Parameters cohort_start_unit and cohort_period should be consistent. Due to “Y” and “M” being non-fixed types, it can be used only with each other or if cohort_period_unit is more detailed than cohort_start_unit. More information - about numpy timedelta

Only cohorts with at least 1 user in some period are shown.

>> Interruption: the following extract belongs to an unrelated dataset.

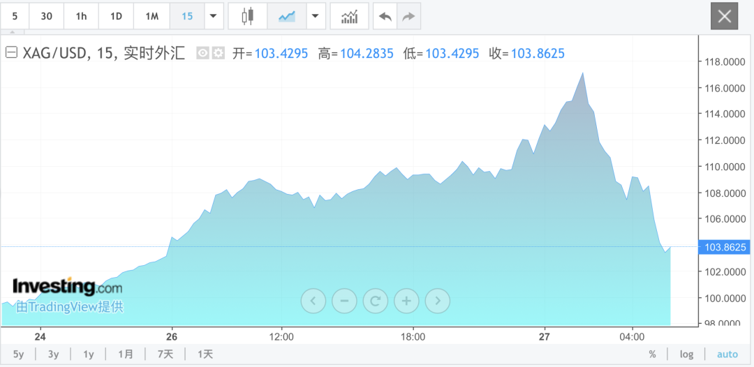 贵金属市场上演巨震,现货白银价格日内一度大涨超14%,但在美股收盘后不久,现货白银几乎回吐了当天全部涨幅,随后仅出现非常有限的反弹,当日最终涨幅不到1%。

See Cohorts user guide for the details.

heatmap(width=5.0, height=5.0)[source]#

Builds a heatmap based on the calculated cohort matrix values. Should be used after fit().

Parameters:
widthfloat, default 5.0

Width of the figure in inches.

heightfloat, default 5.0

Height of the figure in inches.

Returns:
matplotlib.axes.Axes
lineplot(plot_type='cohorts', width=7.0, height=5.0)[source]#

Create a chart representing each cohort dynamics over time. Should be used after fit().

Parameters:
plot_type: ‘cohorts’, ‘average’ or ‘all’
  • if cohorts - shows a lineplot for each cohort,

  • if average - shows a lineplot only for the average values over all the cohorts,

  • if all - shows a lineplot for each cohort and also for their average values.

widthfloat, default 7.0

Width of the figure in inches.

heightfloat, default 5.0

Height of the figure in inches.

Returns:
matplotlib.axes.Axes
property params#

Returns the parameters used for the last fitting. Should be used after fit().

property values#

Returns a pd.DataFrame representing the calculated cohort matrix values. Should be used after fit().

Returns:
pd.DataFrame

Eventstream#

Eventstream.cohorts(cohort_start_unit, cohort_period, average=True, cut_bottom=0, cut_right=0, cut_diagonal=0, width=5.0, height=5.0, show_plot=True)[source]#

Show a heatmap visualization of the user appearance grouped by cohorts.

Parameters:
show_plotbool, default True

If True, a cohort matrix heatmap is shown.

See other parameters’ description

Cohorts

Returns:
Cohorts

A Cohorts class instance fitted to the given parameters.